WORK ORDER:
Below are entries; output exactly the lines from the one with "- Praticidade de" to the one with "936 Modeli Ordu", both included, and nothing else.

DATA FOR THE TASK:
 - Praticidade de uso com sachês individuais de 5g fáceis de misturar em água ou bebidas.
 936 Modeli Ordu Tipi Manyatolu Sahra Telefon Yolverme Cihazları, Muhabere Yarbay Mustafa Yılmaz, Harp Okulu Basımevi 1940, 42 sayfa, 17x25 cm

---

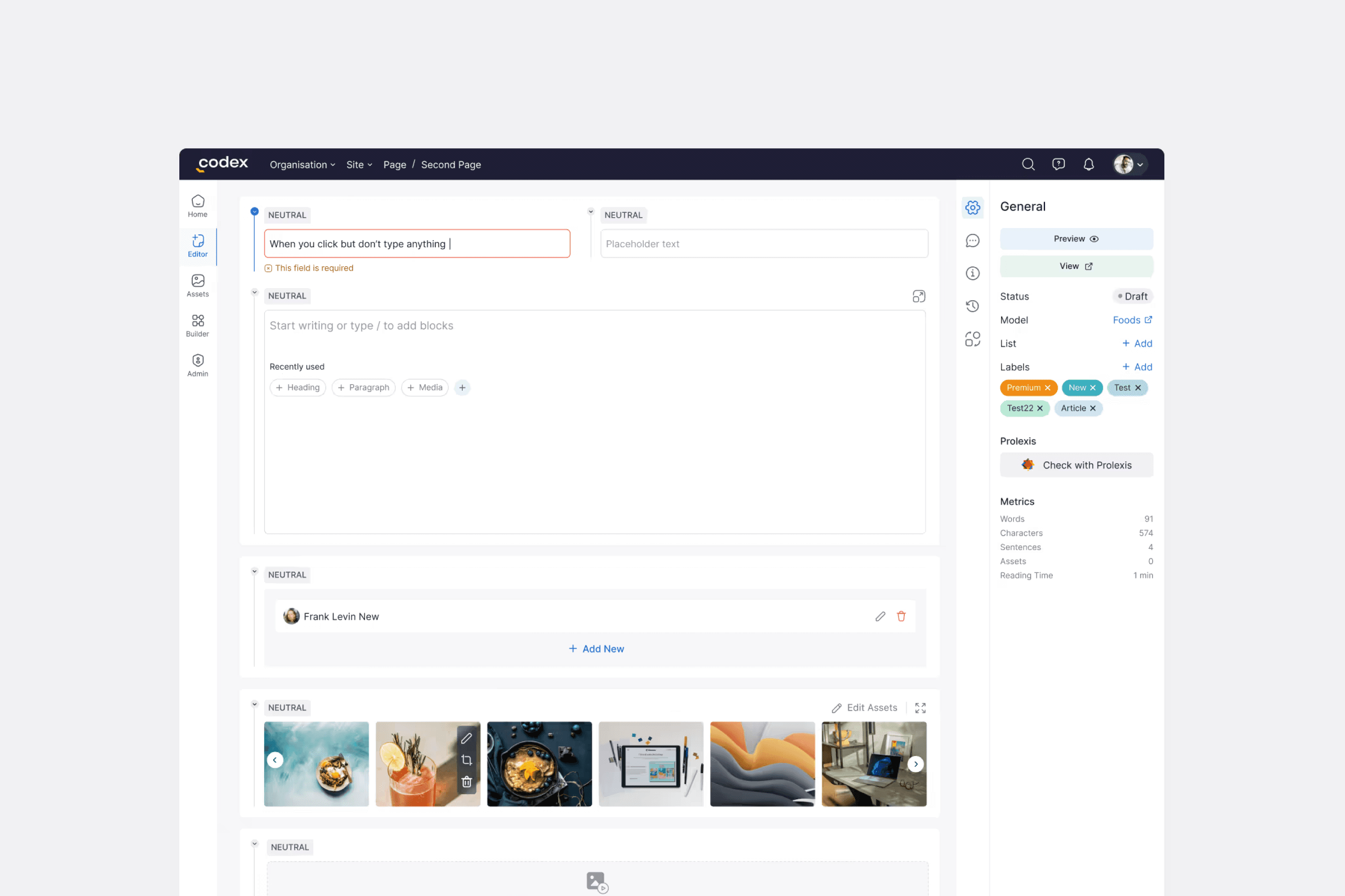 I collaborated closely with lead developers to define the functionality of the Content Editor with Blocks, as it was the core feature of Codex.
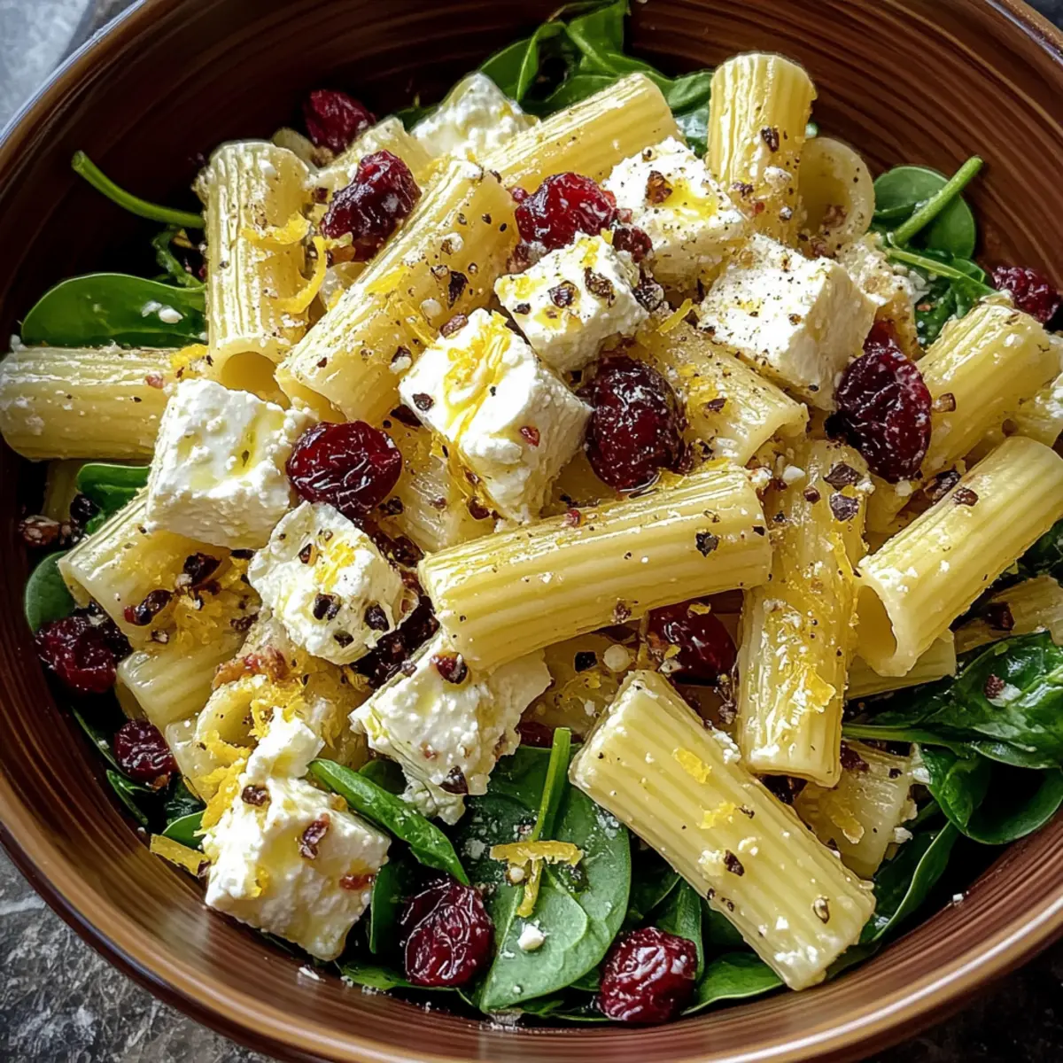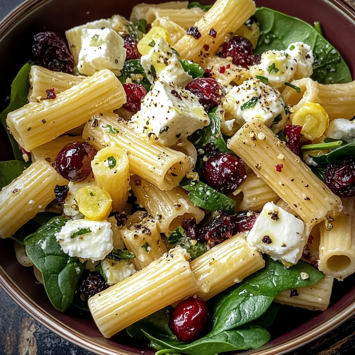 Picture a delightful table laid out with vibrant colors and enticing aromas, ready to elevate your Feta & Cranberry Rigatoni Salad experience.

ANSWER BELOW:
 - Praticidade de uso com sachês individuais de 5g fáceis de misturar em água ou bebidas.
 936 Modeli Ordu Tipi Manyatolu Sahra Telefon Yolverme Cihazları, Muhabere Yarbay Mustafa Yılmaz, Harp Okulu Basımevi 1940, 42 sayfa, 17x25 cm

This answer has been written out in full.